Misschien moet men er wel naartoe dat op basis van data bepaald wordt of een melkveehouder voor beweiden of maaien moeten kiezen. Op dit moment ontwikkelt Wageningen Universiteit een app, die voorspelt hoe het gras groeit. Die app moet in combinatie met data van bijvoorbeeld een spectrale camera aan een drone voorspellen hoeveel eiwit er in het gras zit. Zodoende kan een melkveehouder een weloverwogen keuze maken tussen maaien of beweiden. Want hiervoor geldt: wat er niet in de koe komt, komt er ook niet uit.
Kleine rantsoenaanpassing bij melkvee met groot gevolg
Remkes stelt dat een transitie naar een stikstofarme veehouderij een radicale verandering vraagt van de adviezen van erfbetreders. Deze zijn nu vaak gebaseerd op de algemeen gangbare praktijk van diervoeding, bemesting en mestverwerking ‘vanwege daarmee samenhangende commerciële belangen.’ In een reportage ‘Stikstofvreters’ van De Kennis van Nu komt diervoeringexpert aan de Wageningen Universiteit Jan Dijksta met een mogelijke oplossing. Hij stelt namelijk dat de gemiddelde melkveehouder meestal te veel eiwit voert. “De melkveehouder voert nu 16,5 procent. Dat is te veel. Dat zou je terug kunnen brengen naar 15,5 procent.” Door een procent minder eiwit te voeren, kan de ammoniakemissie met tien procent worden teruggebracht. Volgens Dijkstra heeft dit geen effect op de melkgift of de gezondheid van de koe.
Melkveehouder met moed en vertrouwen voorop
Melkveehouders moeten vernieuwen, zoveel is wel duidelijk. Volgens Remkes vergt dit ‘een eigen passende visie vanuit ondernemerschap, met moed en vertrouwen, en met ondersteuning vanuit de overheid.

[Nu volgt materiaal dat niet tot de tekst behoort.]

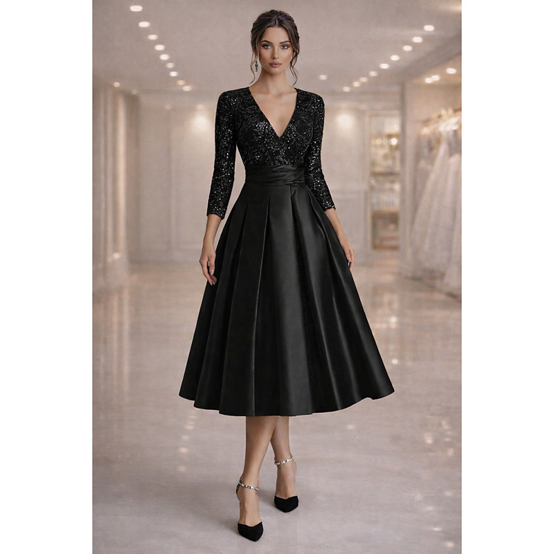 A-Line Tea Length Beaded Eembroidered Formal Dresses Mother of the Bride Dress Cocktail Dresses Party Dresses Elegant Sparkle 3/4 Length Sleeve V Neck Christmas Wedding Guest Satin Velvet with Pleats
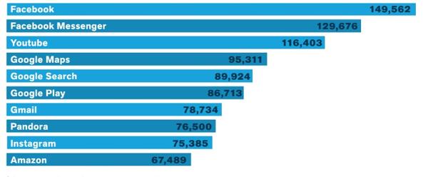 Así están las posiciones de las aplicaciones más populares en Estados Unidos y los millones de usuarios únicos que tiene cada una:
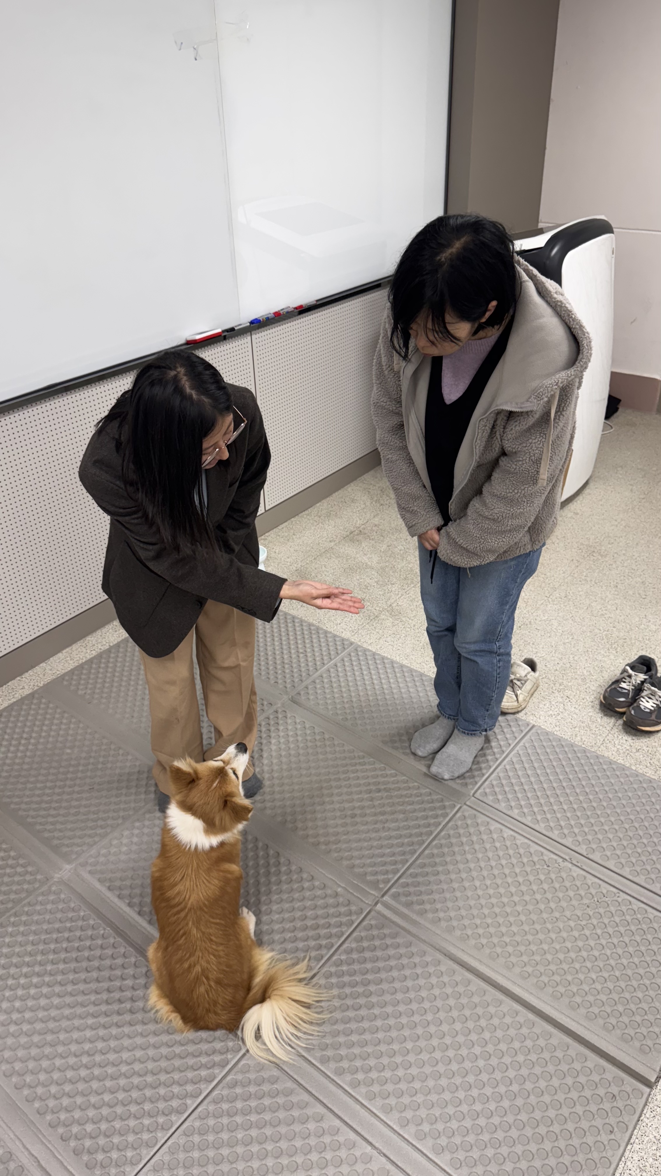 이한나교수님은 동물매개활동에 참여하는 지원자를 대상으로 기초 교육과 실습 프로그램을 진행하셨습니다. 교육에서는 슬리커 브러쉬 사용, 발톱 관리 등 기본 관리 방법과 함께 산책 시 행동 관찰, 리드줄 사용법이 안내되었습니다.

Kennisinstellingen en agro-businesspartners. (…) Vernieuwingen dienen tot ene structureel beter verdienmodel te leiden door minder kosten en meer inkomsten die voor een lange periode gegarandeerd zijn.’
Er zijn wel kanttekeningen, met name de klassieke mestwetgeving vormt een belemmering voor duurzame vernieuwing. ‘Daarnaast kunnen structurele aanpassingen in de bedrijfsvoering lange-termijn-investeringen vergen in stalsystemen, mestopwerking en bemestingstechnieken, waar de meeste kredietverstrekkers zeer terughoudend zijn. Bovendien zijn goede verdienmodellen lang niet altijd gegarandeerd, zeker niet voor de lange termijn, zodat er veel onzekerheid is of grote investeringen terugverdiend kunnen worden.’
Doorzettingsvermogen melkveehouderij
Er moet dus een hoop gebeuren, wil de melkveehouderij duurzaam worden. Het stikstofgehalte in dierlijke mest moet omlaag, drijfmest moet tot het verleden gaan behoren, weidegang wordt een must en de mineralenbalans binnen een bedrijf moet gesloten worden. Uitdagingen die de hele sector voor haar kiezen krijgt. Dat vraagt om adaptievermogen, moed en een behoorlijk doorzettingsvermogen. Maar als we één ding weten uit het verleden, is dat deze sector dat heeft.